In this question, we need to differentiate an implicit function of x and y. For this, we will differentiate with respect to x. Here y is a function of x. So while differentiating terms having y we will differentiate them as usual, then multiply it with $\dfrac{dy}{dx}$ as per the chain rule. At last we will rearrange the equation such that we have $\dfrac{dy}{dx}$ on one side and the rest of the terms on the other side. We will use following formulas of derivatives,
(I) Derivative of ${{e}^{x}}$ is ${{e}^{x}}$.
(II) Derivative of sinx is cosx.
(III) Product rule between two functions u and v is given by $\dfrac{d}{dx}\left( u\cdot v \right)=u'v+v'u$.
(IV) $\dfrac{dx}{dx}=1$.

Complete step by step solution:
Here we are given the implicit equation of x and y as ${{e}^{y}}\sin x=x+xy\cdots \cdots \ \cdots \left( 1 \right)$.
We need to differentiate it so we need to find $\dfrac{dy}{dx}$.
Let us solve both sides separately.
Left side of the equation is ${{e}^{y}}\sin x$.
Since two terms are multiplied so we will use product rule according to which, for two function u and v $\dfrac{d}{dx}\left( u\cdot v \right)=u'v+v'u$ so, taking derivative with respect to x we get $\dfrac{{{e}^{y}}d\sin x}{dx}+\sin x\dfrac{d{{e}^{y}}}{dx}$.
As we know that, derivative of sinx is cosx so we get ${{e}^{y}}\cos x+\sin x\dfrac{d{{e}^{y}}}{dx}$.
We know the derivative of ${{e}^{x}}$ is ${{e}^{x}}$. Here y is function of x so derivative of ${{e}^{y}}$ will be ${{e}^{y}}\dfrac{dy}{dx}$ by chain rule, we get derivative of left side ${{e}^{y}}\cos x+\sin x\cdot {{e}^{y}}\dfrac{dy}{dx}\ldots \ldots \ldots \left( 2 \right)$.
Now, let us derive the right side. We have the right side as $x+xy$.
Taking derivatives with respect to x we get $\dfrac{d}{dx}\left( x+xy \right)$.
Separating derivatives for both terms we have $\dfrac{dx}{dx}+\dfrac{d}{dx}\left( xy \right)$.
We know that $\dfrac{dx}{dx}=1$ and let us use product rule on $\dfrac{dxy}{dx}$ we get,
$1+x\dfrac{dy}{dx}+y\dfrac{dx}{dx}\Rightarrow 1+x\dfrac{dy}{dx}+y$.
So the derivative of the right side $1+y+x\dfrac{dy}{dx}\cdots \cdots \cdots \left( 3 \right)$.

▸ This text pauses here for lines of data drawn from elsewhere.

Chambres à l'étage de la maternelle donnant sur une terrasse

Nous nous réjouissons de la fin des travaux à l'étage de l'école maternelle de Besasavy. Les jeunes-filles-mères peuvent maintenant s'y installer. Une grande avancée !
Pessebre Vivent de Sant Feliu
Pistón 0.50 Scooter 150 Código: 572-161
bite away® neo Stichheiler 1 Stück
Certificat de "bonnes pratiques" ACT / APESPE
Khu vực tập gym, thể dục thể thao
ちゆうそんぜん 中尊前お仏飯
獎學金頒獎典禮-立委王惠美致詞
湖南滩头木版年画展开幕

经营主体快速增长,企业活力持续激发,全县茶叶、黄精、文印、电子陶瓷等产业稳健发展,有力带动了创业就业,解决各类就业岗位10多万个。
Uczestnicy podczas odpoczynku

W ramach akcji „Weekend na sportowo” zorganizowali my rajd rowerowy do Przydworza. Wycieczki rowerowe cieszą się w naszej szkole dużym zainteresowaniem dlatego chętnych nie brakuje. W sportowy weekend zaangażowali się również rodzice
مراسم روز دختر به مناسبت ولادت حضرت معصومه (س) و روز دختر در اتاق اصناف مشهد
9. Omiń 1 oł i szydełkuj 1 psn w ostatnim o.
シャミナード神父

Now when we take derivative of (1) from (2) and (3) we get ${{e}^{y}}\left( \dfrac{dy}{dx} \right)\sin x+{{e}^{y}}\cos x=1+y+x\left( \dfrac{dy}{dx} \right)$.
Now let us take terms having $\dfrac{dy}{dx}$ on the left side of the equation and rest of the terms on the right side of the equation we get ${{e}^{y}}\sin x\left( \dfrac{dy}{dx} \right)-x\left( \dfrac{dy}{dx} \right)=1+y-{{e}^{y}}\cos x$.

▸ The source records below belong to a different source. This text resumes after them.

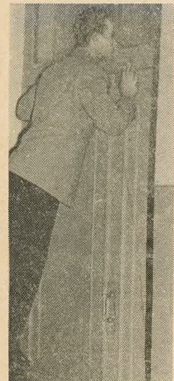
Як там трымаюцца нашы?

группы II курса географічнага факультэта, што прыйшлі здаваць экзамен па географіі раслін, хвалююцца, як некалі на першым курсе. Шасцяць старонкі падручнікаў, тэрмінова перагортваюцца кан-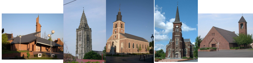
Absson Escaudain Louches Neuville Roelx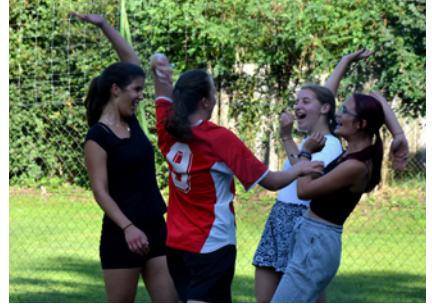
Utána pedig fociban is :)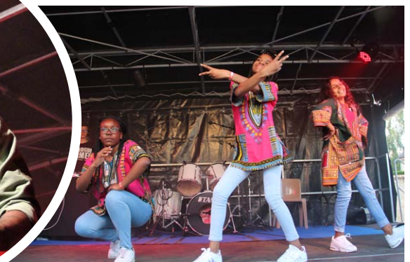
La Team Affro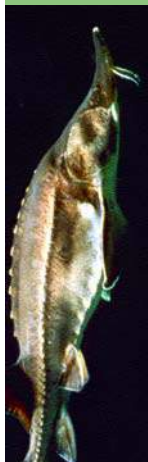
Huso huso Annexe I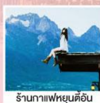
ร้านกาแฟหยุนต้ออัน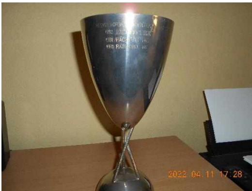
Megyei Horgász Csapatbajnokság Győztese Ráckevei HE 1980 1981 1982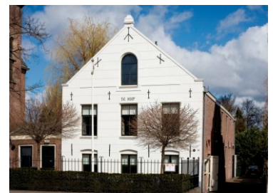
Schuilkerk de Hoop

Wij onderschrijven de waarde en de potentie van De Hoop als concertzaal in en voor Diemen. Samen met het bestuur van de Stichting Vrienden van De Hoop willen wij dan ook bezien op welke wijze deze potentie meer kan worden aangesproken. Daarbij dient in ieder geval aandacht te zijn voor de huurtarieven die voor het gebouw gelden. Deze zijn aan de hoge kant en staan de huur van het gebouw door Diemense gezelschappen mogelijk in de weg. Met de eigenaar van De Hoop, i.c. Stadsherstel Amsterdam, kan hierover worden gesproken en daarnaast kunnen eventueel van gemeentewege te verstrekken incidentele huursubsidies mogelijk huurbevorderend werken.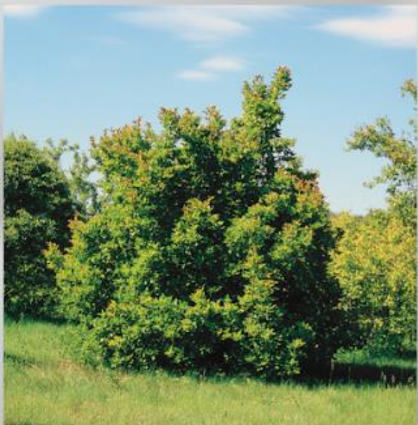
Tatárjuhar az év fája

Now let us take $\dfrac{dy}{dx}$ common from the left side of the equation we get $\dfrac{dy}{dx}\left( {{e}^{y}}\sin x-x \right)=1+y-{{e}^{y}}\cos x$.
We need to only $\dfrac{dy}{dx}$ at one side and rest of the terms on the other side so let us divide both sides of the equation we get $\dfrac{dy}{dx}\dfrac{\left( {{e}^{y}}\sin x-x \right)}{\left( {{e}^{y}}\sin x-x \right)}=\dfrac{1+y-{{e}^{y}}\cos x}{\left( {{e}^{y}}\sin x-x \right)}\Rightarrow \dfrac{dy}{dx}=\dfrac{1+y-{{e}^{y}}\cos x}{\left( {{e}^{y}}\sin x-x \right)}$.
This is our required derivative.

Note: Students should not forget to use chain rule while taking derivatives of terms containing y. Some students make the mistake of taking y as constant but here y is a function of x. Always try to give a final answer as $\dfrac{dy}{dx}$ only. Keep in mind the formula of derivation.